Work order
Your reply must hold the lines from the one containing "Whoscored 本周欧冠最佳阵容Whoscored 本周欧冠最佳阵容" to the end of the entries, copied exactly, with pictures excluded.

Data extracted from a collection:
----------------

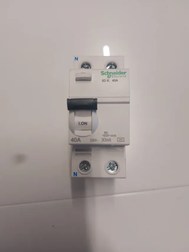 Interruptor automático de la marca Schneider Electric. - Modelo: IID K 40A. - Capacidad: 40A. - Tensión: 230V~. - Sensibilidad: 30mA.
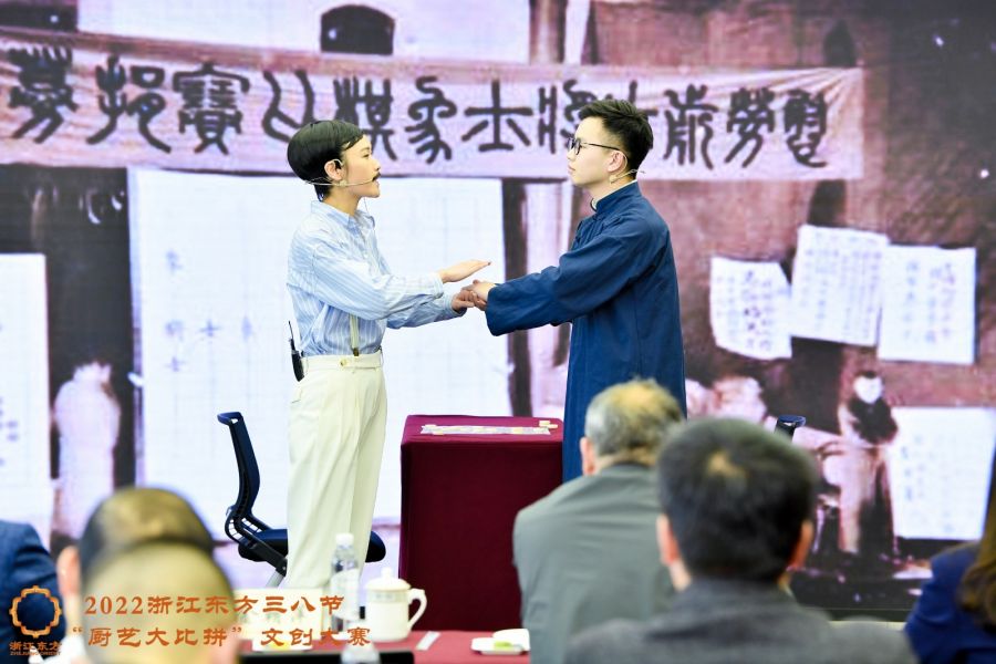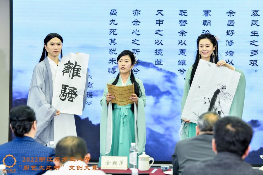 為迎接三八國(guó)際勞動(dòng)?jì)D女節(jié),浙江東方舉辦老菜新做“廚藝大比拼”文化創(chuàng)意大賽,全程同步直播,展示了中華民族歷代愛(ài)國(guó)人士家鄉(xiāng)特色菜肴,講述菜品背后歷史文化,演繹愛(ài)黨愛(ài)國(guó)傳奇故事,弘揚(yáng)民族精神。公司黨委書(shū)記、董事長(zhǎng)金朝萍,黨委副書(shū)記、董事陳鑫云,工會(huì)主席裘高堯出席本次活動(dòng)?;顒?dòng)邀請(qǐng)省國(guó)貿(mào)集團(tuán)綜合監(jiān)督部(黨委巡察辦公室)及女工委主任張進(jìn)智,工會(huì)副主席、工會(huì)辦公室副主任孫森偉及浙金信托、大地期貨工會(huì)相關(guān)負(fù)責(zé)人擔(dān)任比賽評(píng)委。
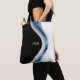 A personalise tote bag with a sleek modern look, this design has metallic curves in blue, silver and grey in a curved pattern with a black and white background. Personalise with your monogram, name or other desired text.
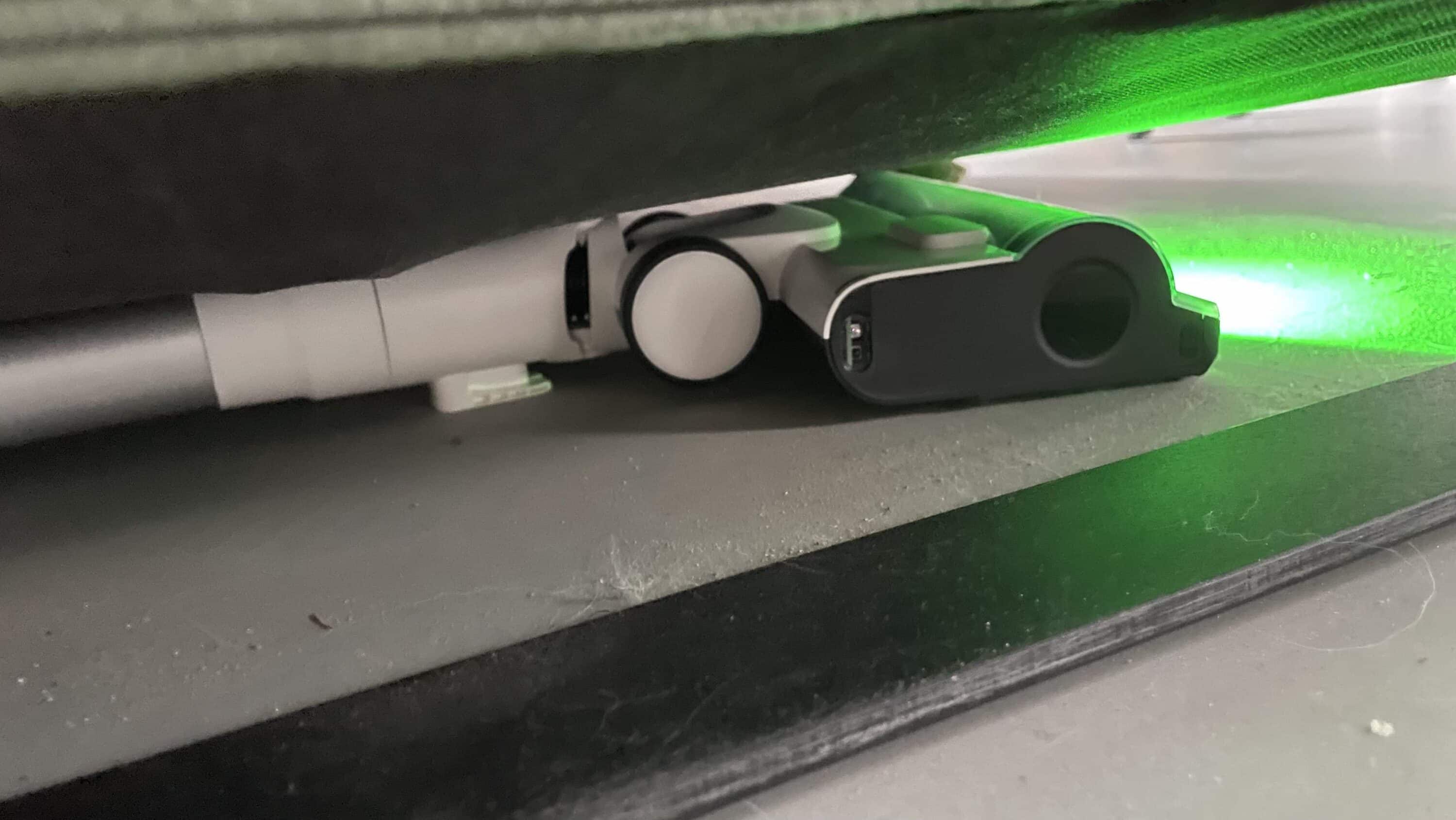 Thanks to the light, dust residues can be detected quickly, especially in darker areas. The green light is designed to make particles as small as 0.02 mm visible. Together with the other sensor technologies DustSense and EdgeSense, the smart cordless vacuum cleaner is said to have a 66% increase in cleaning efficiency.
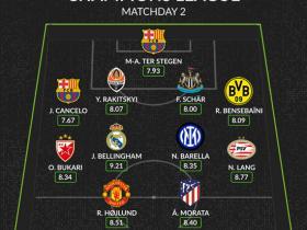 Whoscored 本周欧冠最佳阵容Whoscored 本周欧冠最佳阵容
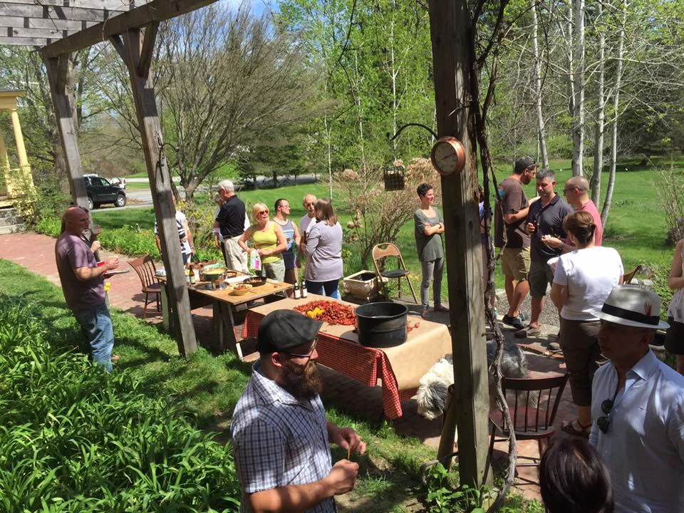 The kids ran around until they were exhausted. The adventurous ones trying the crawfish. Our gardens are just really coming back to life, and we kept the iced tea and lemonade and ready to refresh the kids for another round of whatever game they were playing.
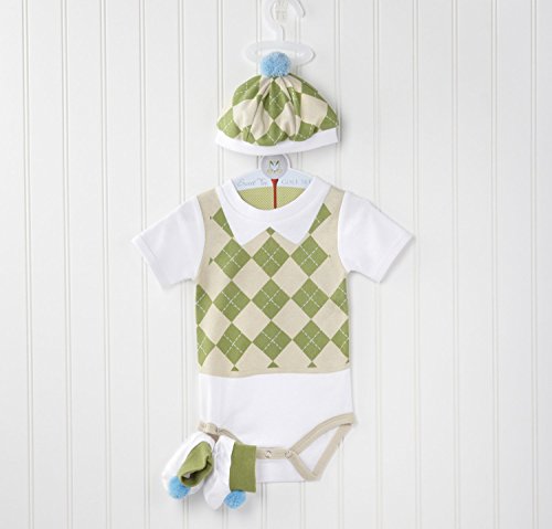 Baby Aspen Three Piece Layette Set in Golf Cart Package, Green/White, 0-6 Mos.
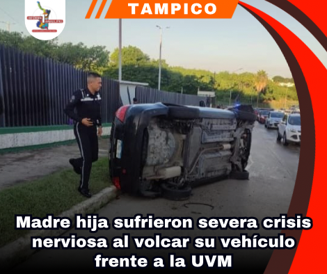 Madre e hija resultaron con severa crisis nerviosa al volcar el automóvil en el que viajaban a considerable velocidad, tras perder el control del volante la conductora en una curva y derrapar sobre pavimento mojado.
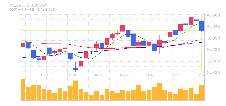 終値:3895円
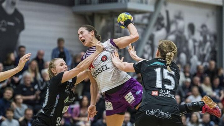 Lærke Nolsøe Pedersen scorede syv gange for Nykøbing Falster og blev kampens topscorer, mens Mia Rej lavede seks mål for København Håndbold.
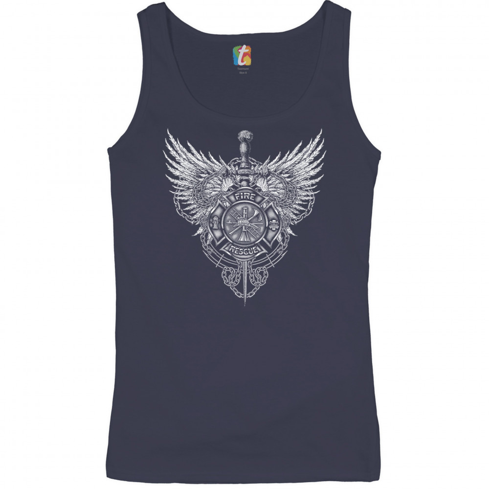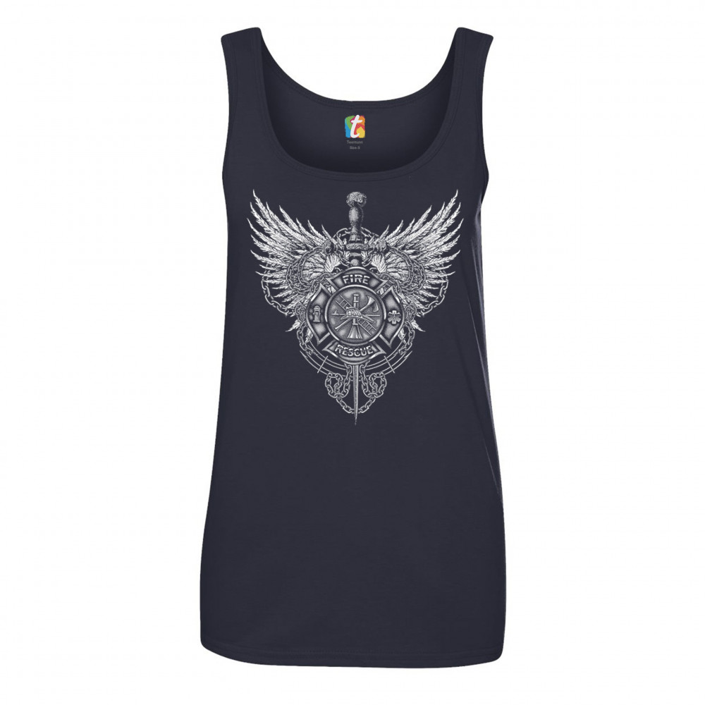 GOTHIC FIREFIGHTER EMBLEM women's tank top courage honor sacrifice navy blue

----------------

Solution to this exercise
 Whoscored 本周欧冠最佳阵容Whoscored 本周欧冠最佳阵容
 The kids ran around until they were exhausted. The adventurous ones trying the crawfish. Our gardens are just really coming back to life, and we kept the iced tea and lemonade and ready to refresh the kids for another round of whatever game they were playing.
 Baby Aspen Three Piece Layette Set in Golf Cart Package, Green/White, 0-6 Mos.
 Madre e hija resultaron con severa crisis nerviosa al volcar el automóvil en el que viajaban a considerable velocidad, tras perder el control del volante la conductora en una curva y derrapar sobre pavimento mojado.
 終値:3895円
 Lærke Nolsøe Pedersen scorede syv gange for Nykøbing Falster og blev kampens topscorer, mens Mia Rej lavede seks mål for København Håndbold.
 GOTHIC FIREFIGHTER EMBLEM women's tank top courage honor sacrifice navy blue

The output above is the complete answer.